Moreover, to leverage the security of the consensus mechanism, public blockchains, such as Bitcoin, usually set a restriction on the block size and the time interval of the transactions, resulting in low transaction throughput. Scalability is thus a difficult issue and must be considered in designing blockchain applications (Dhakal et al., 2019). A vehicle is a fast-moving object. How to let the vehicle participate in the blockchain for integrity assurance and how to solve the delayed consensus should be addressed. A smart vehicle needs to make quick decisions for autonomous and safe driving. The communication environment of a smart vehicle in the real world should be considered. The connection status with fast-moving objects is not stable because of the frequent handover processes between different network cells. Moreover, the communication QoS of each network cell is different.
Thus far, secure storage and secure processing platforms have been proposed against partial bundle installation attacks, rollback attacks, endless data attacks, mixed-bundles attacks, mix-and-match attacks, and arbitrary software attacks (Kuppusamy et al., 2016). These studies focused on the inner vehicle security for a secure SW update. Secure methods using access control resolve the authentication issue, by the management issue of the key and the nonce remains unsolved. In addition, the SW structure of the SW update scheme should be handled from the viewpoint of its security vulnerability and its secure update issue.

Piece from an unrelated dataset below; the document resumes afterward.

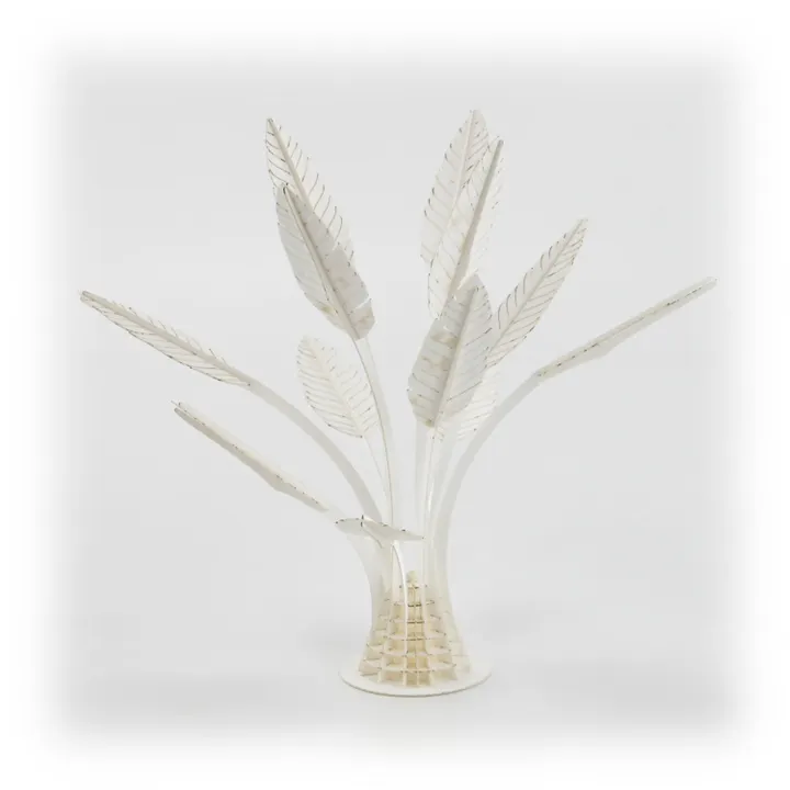 Augusta132は観葉植物であるオーガスタをモチーフにした厚紙製モデルです。 12枚の葉をつけた長さや反りの異なる茎をベース部分にバランスを見ながら自分の好みに差し込むことができます。 オーガスタはバナナのような大きな葉を持ち、置くだけで南国リゾート感を楽しめる植物で、花言葉は「輝かしい未来」「暖かい心」です。 素晴らしい未来を想像させるような花言葉を持つオーガスタは、開店祝いや開業祝い、新築祝いなどのプレゼントにも多く用いられます。 Augusta132ははさみやカッター、接着剤を使わずに組み立てる事ができます。(一部のパーツが極小サイズとなるのでピンセットがあると組み立て易いです) FLATSの精緻な造形をお楽しみいただき、Augusta132が皆様の心を癒す一助となれば幸いです。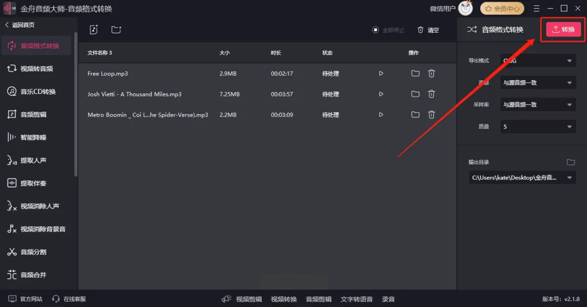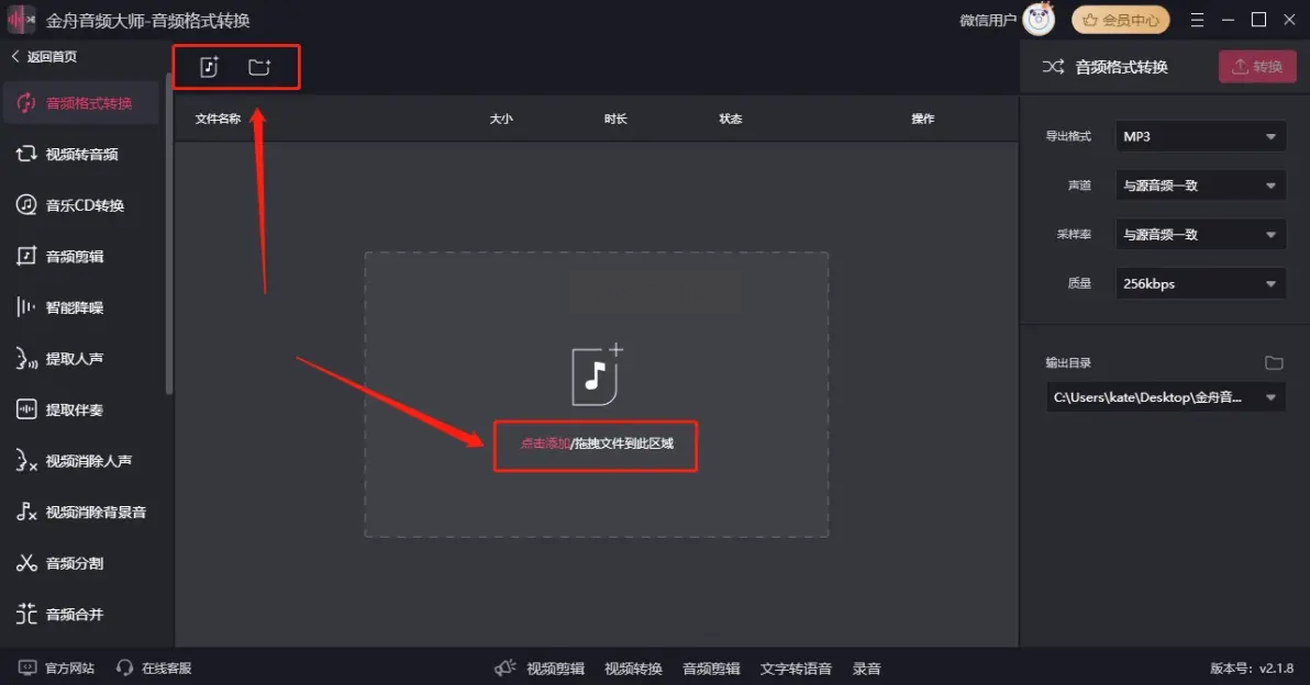 启动金舟音频大师后,首页“热门功能”区域清晰展示【音频格式转换】选项。点击该选项进入转换界面,此时界面分为左右两栏:左侧为文件列表区,右侧为参数设置区,布局符合专业软件的操作逻辑。

In this study, we focused on the integrity of a secure OTA SW update service in smart vehicles. The security features of integrity in smart vehicles are identified from the viewpoints of data integrity and service integrity. Furthermore, the related studies were classified and discussed with an emphasis on their limitations. Because the OTA SW update service had security issues originating from smart vehicles as well as those of the services over a wireless network, more sophisticated and realistic solutions should be provided. In addition, the proposed schemes themselves should be verified in terms of their stability with respect to security because any trustee or entity cannot be assumed to be honest or to remain unattacked forever in a real application domain such as a smart vehicle.